Two hours later I emerged with a thousand-yard stare and the realization that the world of unique identifiers is larger and more wondrous than I ever could have imagined.

Before we get started with ULIDs, let's go back to the basics and discuss what UUIDs are:

What's the problem with "regular" ids?

Most web applications that use databases default to numeric ids that increment automatically. For example, in Rails you might see behavior like this:

p1 = Person.create!
p1.id
# => 1

p2 = Person.create!
p2.id
# => 2

The database can generate sequential ids because it stores a counter that increments on record creation.

This pattern can also be seen outside of databases. Sometimes we need to assign ids manually, and we might store a custom counter in - say - a Redis instance.

Sequential ids are easy to implement for low-volume use-cases, but they become more problematic as volume increases:

  • It's impossible to create records concurrently because each insert has to wait in line to receive its id.
  • Requesting a sequential id may require a network round trip and result in slower performance.
  • It's difficult to scale out data stores that provide sequential ids. You have to worry about counters on different servers getting out of sync.
  • It's easy for the node with the counter to become a single point of failure.

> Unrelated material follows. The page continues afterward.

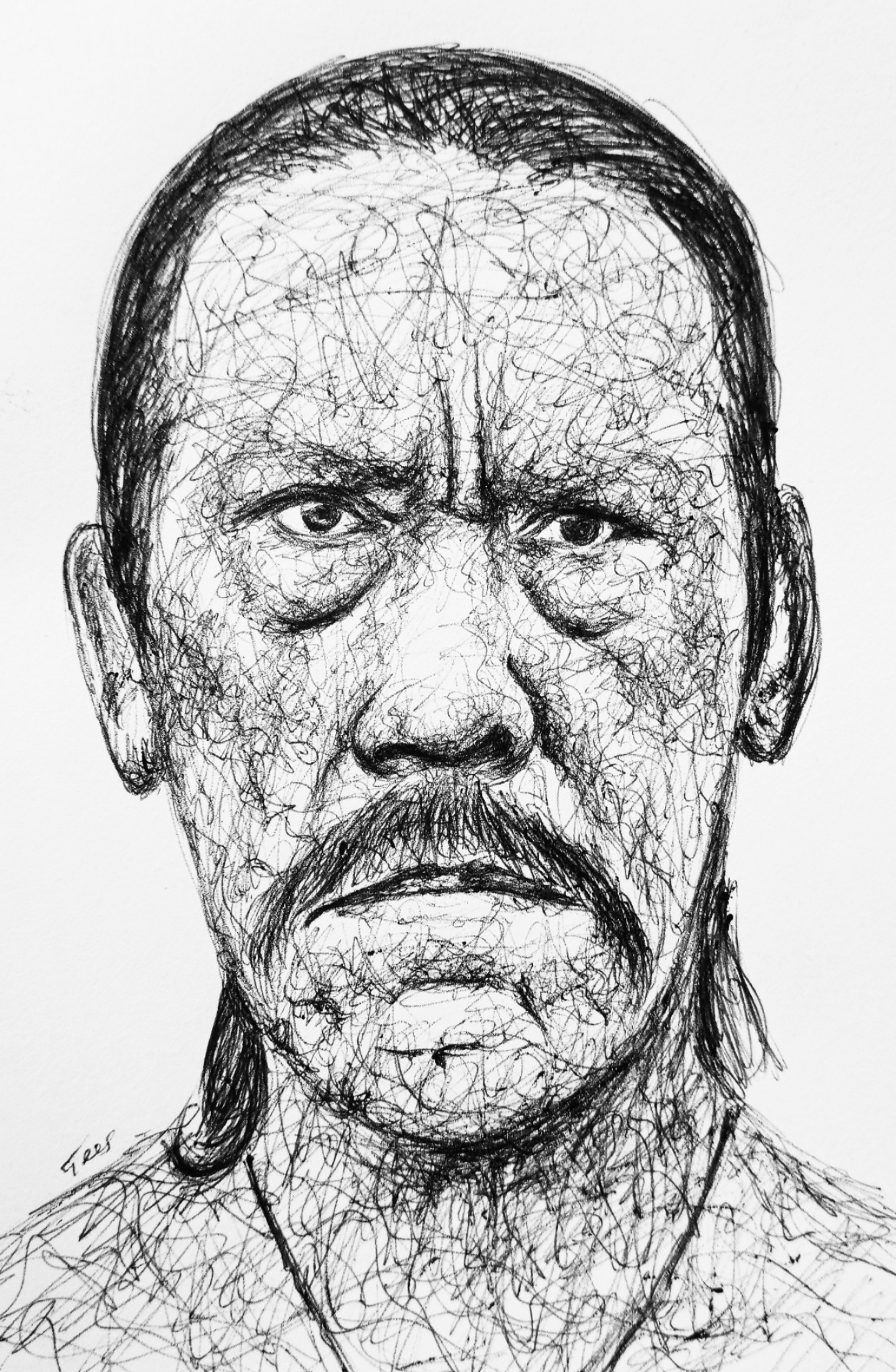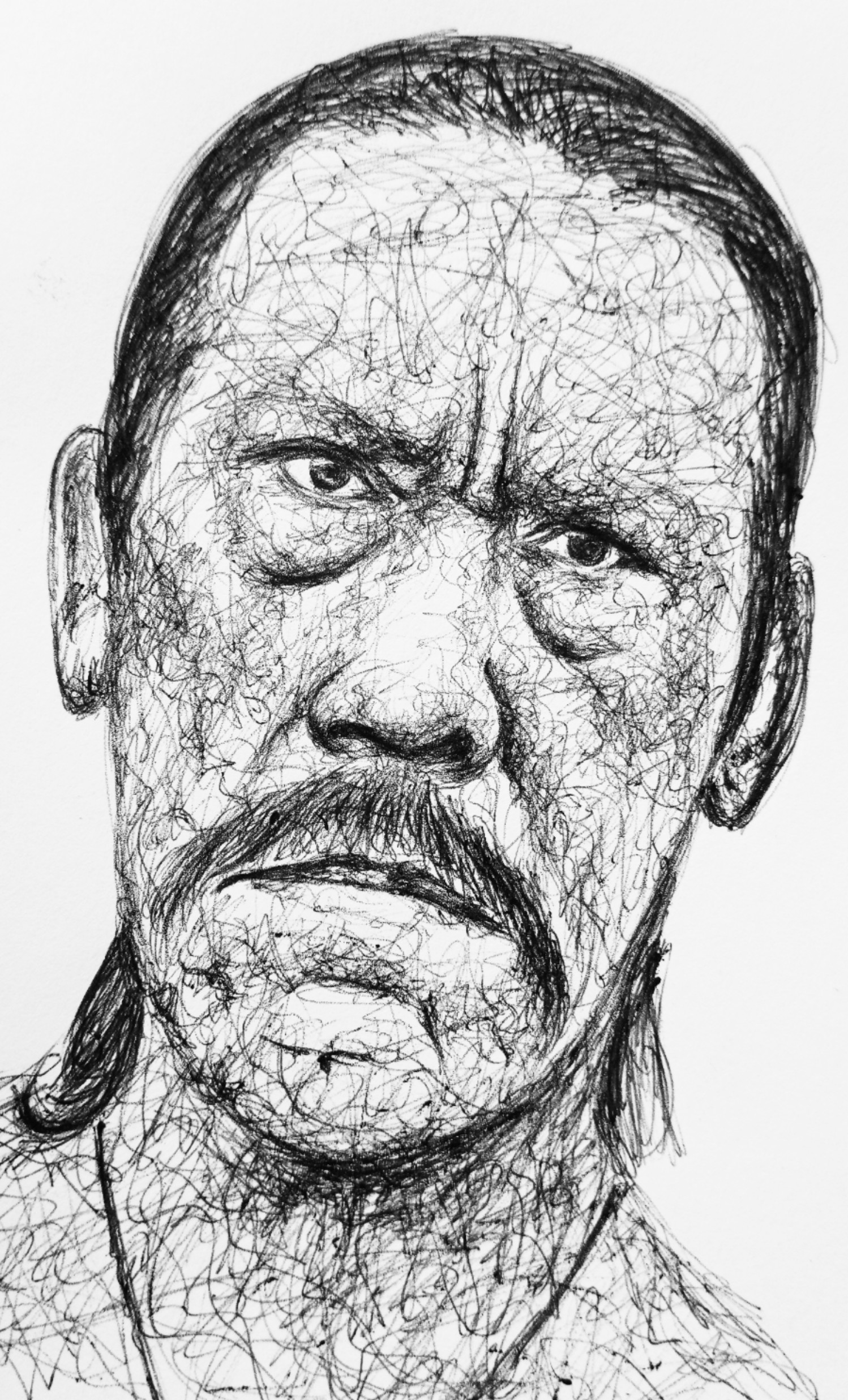 portrait of the American actor, Danny Troja. He's a renowned American actor globally known for his role as Machete in the the movie, "Machete Kills". Before making this drawing, I used to think he was Mexican but I understood he's related to Mexico and his parents were Mexican American. I made this scribble drawing of the actor today as a fan art. I hope you love it.

Sequential ids also leak data, which may be a problem in some cases:

  • You can easily guess the ids of resources that may not belong to you.
  • If you create a user and its id is 20, you know that the service has 20 users.

UUIDs are web-scale

UUIDs look a little different than sequential ids. They are 128-bit numbers, typically expressed as 32 hexadecimal digits:

123e4567-e89b-12d3-a456-426655440000

UUIDs are created using specific algorithms defined in RFC 4122. They attempt to solve many of the problems that occur with sequential ids:

  • You can generate UUIDs on any number of nodes without any shared state or coordination between nodes.
  • They're a little less guessable than sequential ids (more on that later)
  • They don't divulge the size of your dataset.

The catch is that there's a small chance of two nodes independently generating the same id. This event is called a "collision."

Many Flavors of UUID

There are five types of UUID algorithm defined in RFC 4122. They fall into two categories:

  • Time and randomness-based algorithms are the ones we've been discussing. They result in a new UUID for every run.
    • Type 4: A randomly-generated id. Probably our best bet for new code.
    • Type 1: The ID contains the host's MAC address and the current timestamp. These are deprecated because they're too easy to guess.
    • Type 2: These seem to be uncommon. They appear to be purpose-built for an antiquated form of RPC.
  • Name based algorithms are a little different. They always produce the same UUID for a given set of inputs.
    • Type 5: Uses an SHA-1 hash to generate the UUID. Recommended.
    • Type 3: Uses an MD5 hash and is deprecated because MD5 is too insecure.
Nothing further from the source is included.